**WHAT TO WORK ON:** Transcribe each record exactly, but omit pictures.

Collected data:

*** Begin section ***

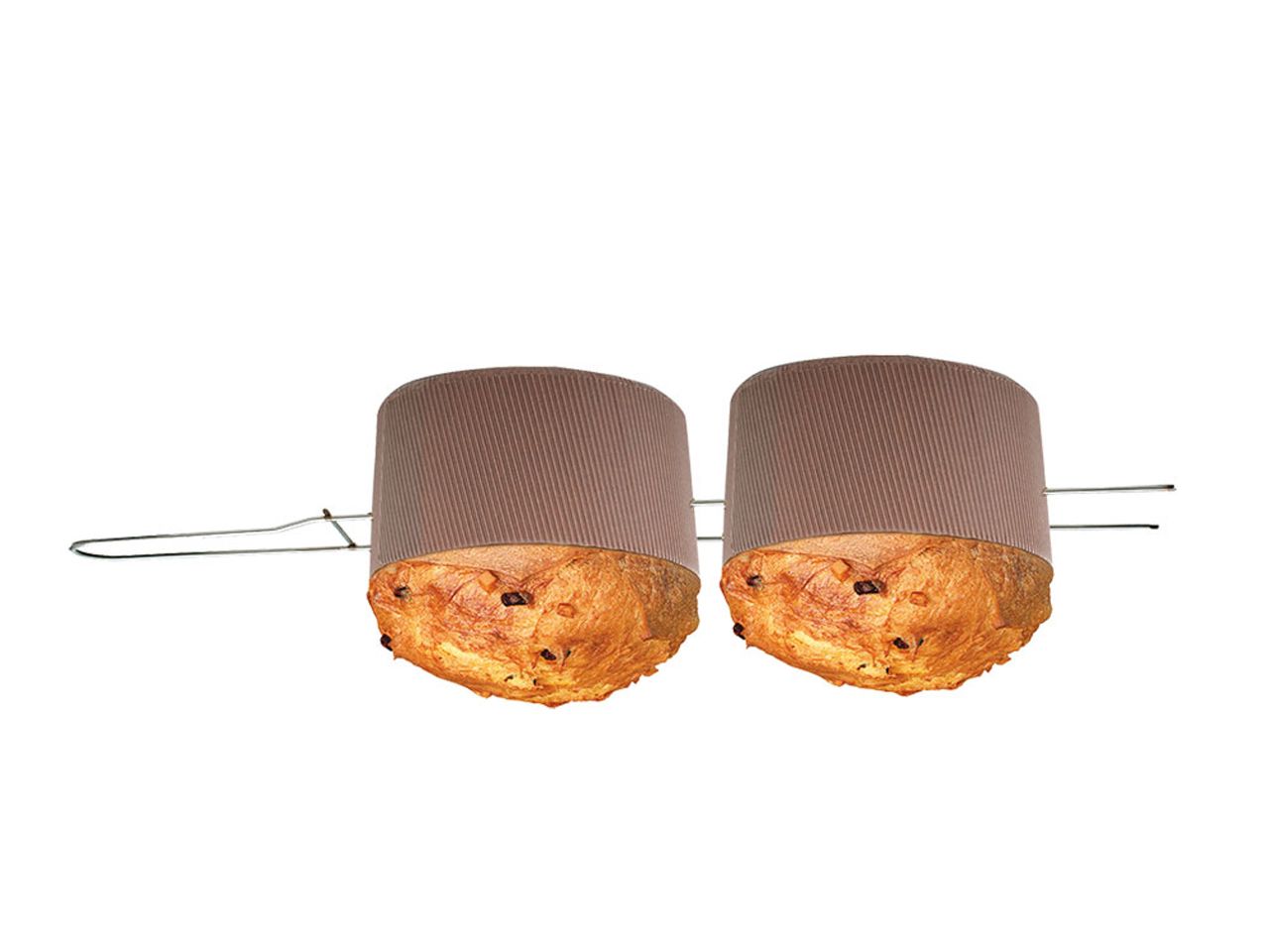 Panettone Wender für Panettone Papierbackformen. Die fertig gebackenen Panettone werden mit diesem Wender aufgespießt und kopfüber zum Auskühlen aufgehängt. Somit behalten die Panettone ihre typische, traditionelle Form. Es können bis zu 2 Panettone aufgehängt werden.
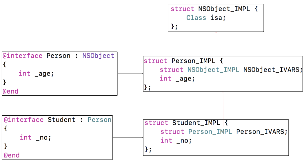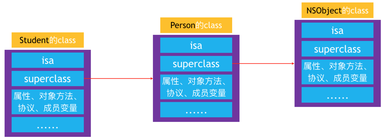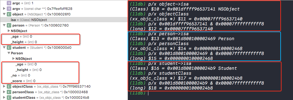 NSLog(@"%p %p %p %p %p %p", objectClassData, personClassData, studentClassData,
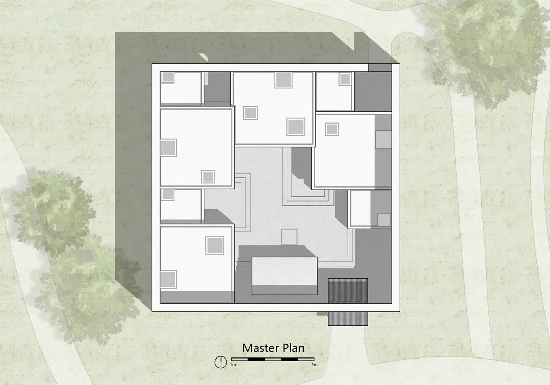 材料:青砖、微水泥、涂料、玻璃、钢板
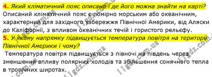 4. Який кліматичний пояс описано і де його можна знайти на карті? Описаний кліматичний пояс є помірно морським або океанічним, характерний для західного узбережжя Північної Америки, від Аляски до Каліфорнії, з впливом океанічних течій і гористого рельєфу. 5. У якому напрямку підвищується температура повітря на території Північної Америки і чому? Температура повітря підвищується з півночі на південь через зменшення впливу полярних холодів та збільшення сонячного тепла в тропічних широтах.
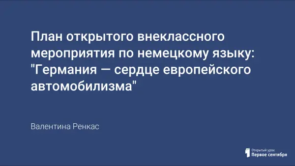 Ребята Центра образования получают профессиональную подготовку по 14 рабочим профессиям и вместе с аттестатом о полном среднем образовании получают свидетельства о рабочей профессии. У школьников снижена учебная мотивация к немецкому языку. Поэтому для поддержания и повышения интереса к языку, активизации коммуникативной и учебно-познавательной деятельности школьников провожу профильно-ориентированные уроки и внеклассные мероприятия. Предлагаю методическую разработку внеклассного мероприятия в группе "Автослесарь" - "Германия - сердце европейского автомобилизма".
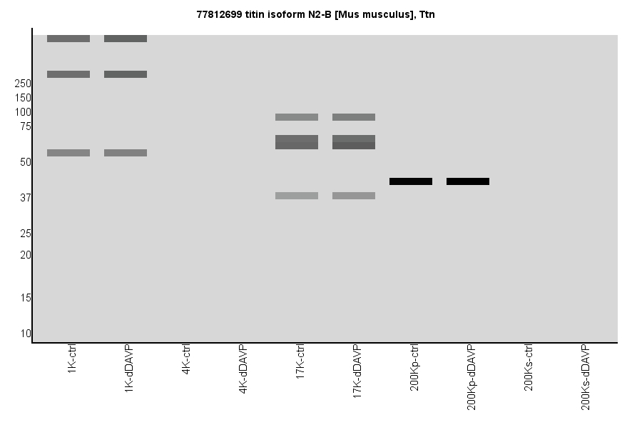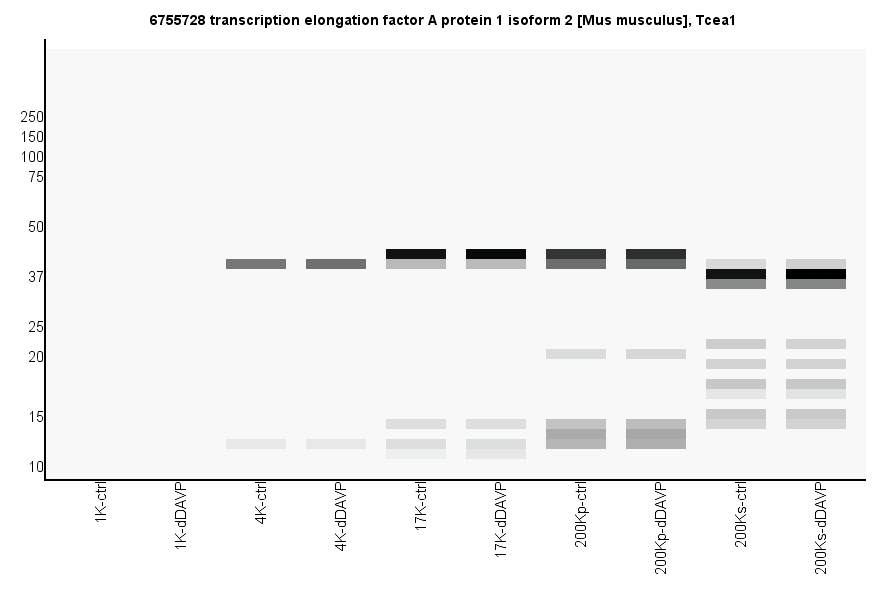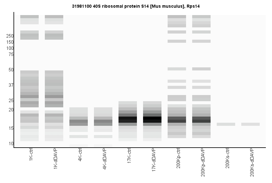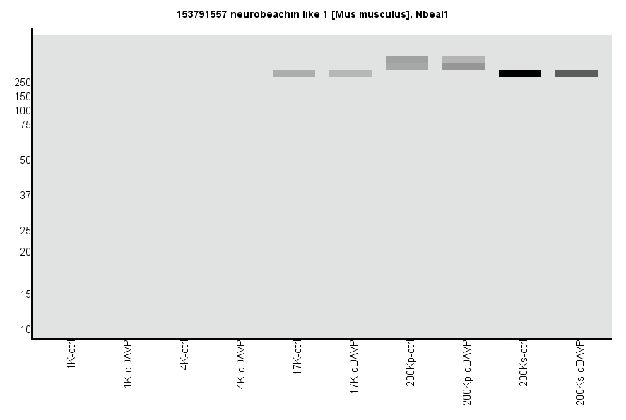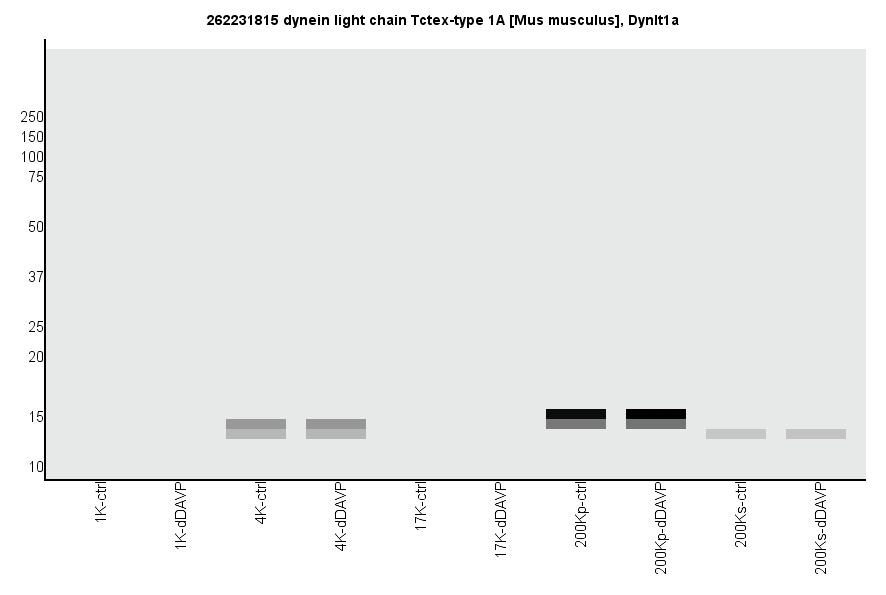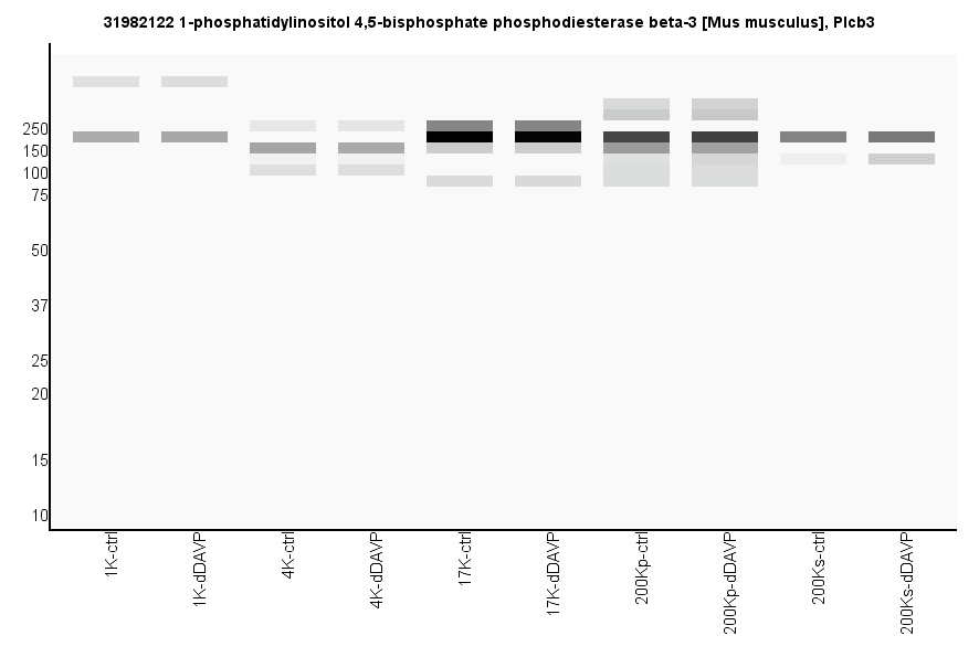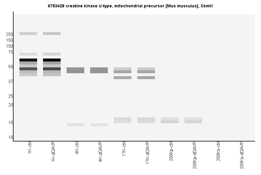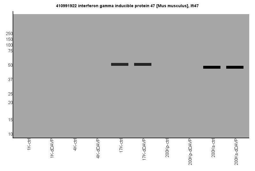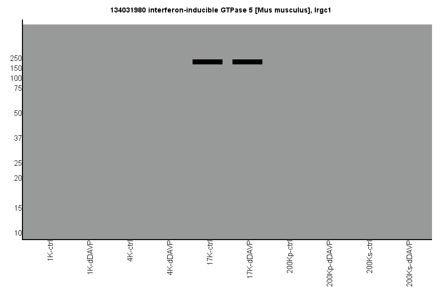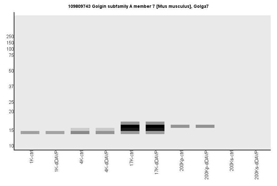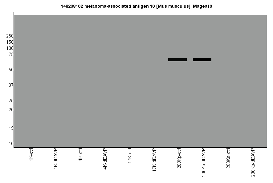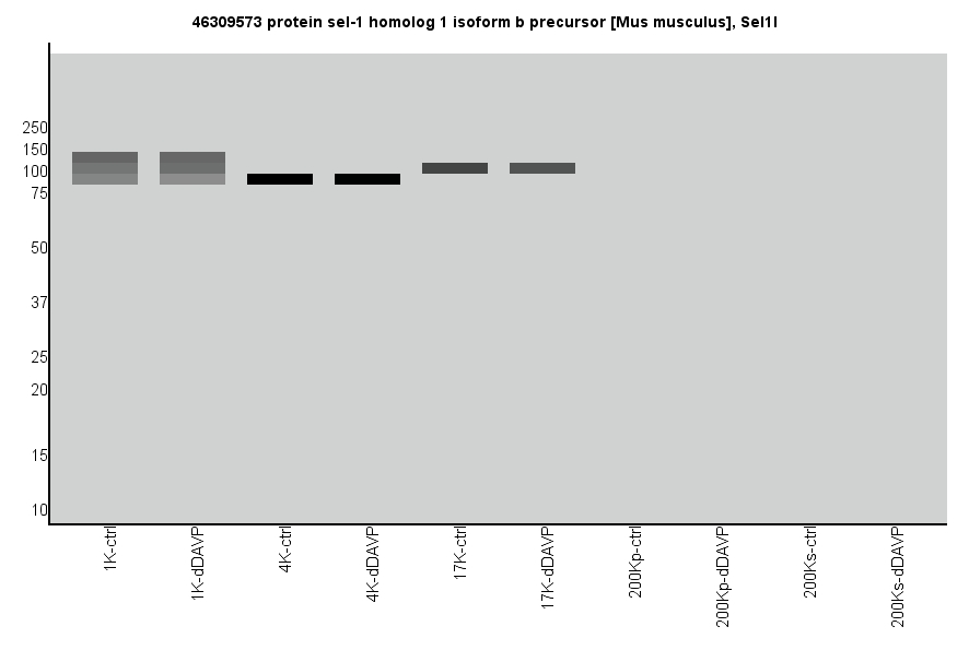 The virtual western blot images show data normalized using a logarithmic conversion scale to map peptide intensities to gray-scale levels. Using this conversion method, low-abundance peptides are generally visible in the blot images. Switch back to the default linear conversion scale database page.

*** End section ***

**EXERCISE SOLUTION:**
 Panettone Wender für Panettone Papierbackformen. Die fertig gebackenen Panettone werden mit diesem Wender aufgespießt und kopfüber zum Auskühlen aufgehängt. Somit behalten die Panettone ihre typische, traditionelle Form. Es können bis zu 2 Panettone aufgehängt werden.
 NSLog(@"%p %p %p %p %p %p", objectClassData, personClassData, studentClassData,
 材料:青砖、微水泥、涂料、玻璃、钢板
 4. Який кліматичний пояс описано і де його можна знайти на карті? Описаний кліматичний пояс є помірно морським або океанічним, характерний для західного узбережжя Північної Америки, від Аляски до Каліфорнії, з впливом океанічних течій і гористого рельєфу. 5. У якому напрямку підвищується температура повітря на території Північної Америки і чому? Температура повітря підвищується з півночі на південь через зменшення впливу полярних холодів та збільшення сонячного тепла в тропічних широтах.
 Ребята Центра образования получают профессиональную подготовку по 14 рабочим профессиям и вместе с аттестатом о полном среднем образовании получают свидетельства о рабочей профессии. У школьников снижена учебная мотивация к немецкому языку. Поэтому для поддержания и повышения интереса к языку, активизации коммуникативной и учебно-познавательной деятельности школьников провожу профильно-ориентированные уроки и внеклассные мероприятия. Предлагаю методическую разработку внеклассного мероприятия в группе "Автослесарь" - "Германия - сердце европейского автомобилизма".
 The virtual western blot images show data normalized using a logarithmic conversion scale to map peptide intensities to gray-scale levels. Using this conversion method, low-abundance peptides are generally visible in the blot images. Switch back to the default linear conversion scale database page.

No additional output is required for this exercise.